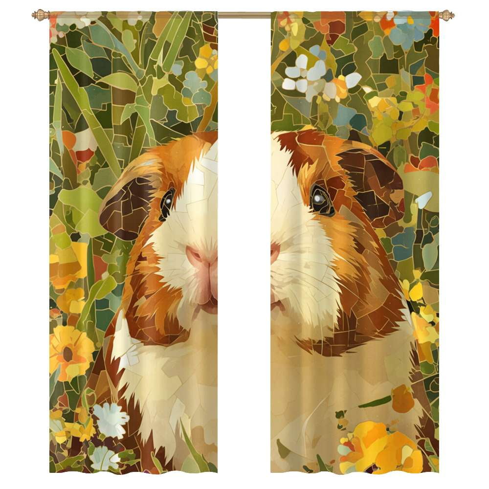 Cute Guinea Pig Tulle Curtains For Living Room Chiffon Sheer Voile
---
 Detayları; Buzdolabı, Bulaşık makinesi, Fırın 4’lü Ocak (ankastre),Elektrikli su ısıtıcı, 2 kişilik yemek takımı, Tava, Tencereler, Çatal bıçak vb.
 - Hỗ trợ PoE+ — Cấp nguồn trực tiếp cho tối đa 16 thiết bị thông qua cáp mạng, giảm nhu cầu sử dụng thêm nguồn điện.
---
TASK ITEM —
Reproduce the lines above, beginning at the line with "Detayları; Buzdolabı, Bulaşık" and stopping after the line with "- Hỗ trợ PoE+", exactly as they are.

EXPECTED ANSWER —
 Detayları; Buzdolabı, Bulaşık makinesi, Fırın 4’lü Ocak (ankastre),Elektrikli su ısıtıcı, 2 kişilik yemek takımı, Tava, Tencereler, Çatal bıçak vb.
 - Hỗ trợ PoE+ — Cấp nguồn trực tiếp cho tối đa 16 thiết bị thông qua cáp mạng, giảm nhu cầu sử dụng thêm nguồn điện.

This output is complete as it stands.